What's the Takeaway?

It's difficult to say. Read broadly, Sanchez might have opened the door to prosecutions and lawsuits against people with prominent social media platforms in EU member states with similar criminal hate speech laws, if they fail to promptly remove hate speech after some unspecified time period. Given the global focus on content moderation/liability in recent years, it is reasonable to wonder whether Sanchez might encourage more prosecutions and lawsuits. If that happens, it's also reasonable to expect people to respond by censoring more content, requiring preapproval or filtering for all submissions, or even moving to one-way communication channels. It is unclear if the Grand Chamber foresaw these consequences for "free expression."

It's also possible that nothing changes: perhaps this is an outlier, premised on the Grand Chamber's (unstated) view that Sanchez is a far-right politician who allowed people to post racist hate speech on his page about his opponent, with his tacit approval, during an election, and then used "free speech!" as a disingenuous rallying cry in defense. In future cases, maybe the Grand Chamber will explain the boundaries in ways that discourage (or at least don't encourage) censorship, possibly by limiting the reach of such laws to content that endangers public safety by meeting the international threshold for incitement. For now, though, we've all been left guessing.

What does this mean for social media users in the United States? If you decide to run for office or otherwise garner some sort of prominence, can you face criminal liability for posts that others make on your public social media platforms?

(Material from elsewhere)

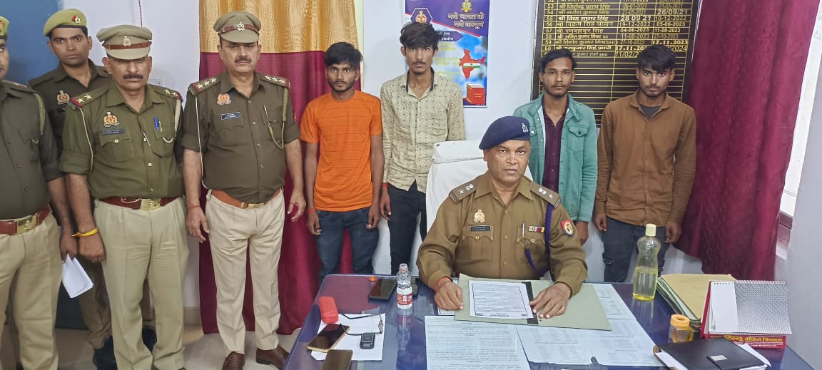 अपर पुलिस अधीक्षक ग्रामीण सत्यपाल सिंह ने बकेवर थाना में प्रेस के लोगों को जानकारी देते हुए बकेवर थाना प्रभारी इंस्पेक्टर राकेश कुमार शर्मा अपने हमराह फोर्स के साथ उरेंग निबाड़ी कला मार्ग पर ग्राम खितौरा को जाने वाले तिराहे पर रविवार मध्य रात्रि संदिग्ध व्यक्तियों व वाहनों की चेकिंग कर रहे थे इसी दौरान एक पिकअप गाड़ी आती दिखाई पड़ी तो पुलिस ने सन्देह के तौर पर उस पिकअप को रुकवाने का इशारा किया। पुलिस को देखकर पिकअप के चालक ने पिकअप को भगाने का प्रयास किया। इस पर पुलिस की टीम ने पीछे से पीछा करते हुए पिकअप को पकड़ लिया। पिकअप में बैठे चार लोगों को पुलिस ने पकड़ लिया जबकि दो भाग जाने में सफल रहे। पिकअप के पिछले हिस्से को खोलने पर देखा तो उसमें बिजली कटे हुए तार के बंडल लदे हुए थे। तथा दो समरसेविल पंप भी लदे हुए थे। पूछताछ करने पर पकड़े गए चोरों ने बताया कि बिजली के तार चोरी से काटे हुए हैं, समरसेविल भी चुराई हुई हैं इनको बेचने के लिए ले जा रहे थे। पकड़े गए चोरों ने पूछताछ में अपने नाम अंकित पुत्र विनोद दोहरे, निवासी ग्राम लाखी, मोहित पुत्र वृंदावन दोहरे, सनी पुत्र सुधीर दोहरे निवासी ग्राम नया नगला, पंकज पुत्र हर्ष कुमार निवासी ग्राम रामनगर थाना बकेवर बताया।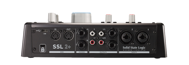 SSL 2+:ssa on liitännät tarkkaamokaiuttimille sekä kaksi omilla säätimillään varustettua kuulokeliitäntää. Neljän lähtökanavan ansiosta kumpiinkin luureihin voi ajaa oman miksauksensa.

Well, U.S. law wouldn't permit criminal liability, but whether a European country's law would apply will depend on the details and whether the underlying law reaches content outside of the country. That's beyond the scope of this post. Even if it does, at least U.S. courts generally won't enforce foreign criminal laws.5

However, if you're a public figure in this situation, you might want to think carefully before taking that trip to the Loire Valley.

The authors would like to acknowledge Summer Associate Bo Yan J. Moran's contribution to this blog post.

Footnotes

1. 838 F.3d 992, 1000 (9th Cir. 2016).

2. For those who may not recall 2010s-era Facebook, a person's Facebook "wall" was akin to what is now known simply as their Facebook Timeline. So, posting on someone's "wall" in 2011 is the same as posting on their profile in 2023.

3. 47 U.S.C. § 230(e)(1).

4. Section 230 might also come into play if a state government were to pass a similar criminal law. The exception in Section 230(e)(1) only reaches federal criminal law. Id.

5. To be clear, this post isn't legal advice, and you should consult with a European lawyer if you're concerned about your liability under European law.

The content of this article is intended to provide a general guide to the subject matter. Specialist advice should be sought about your specific circumstances.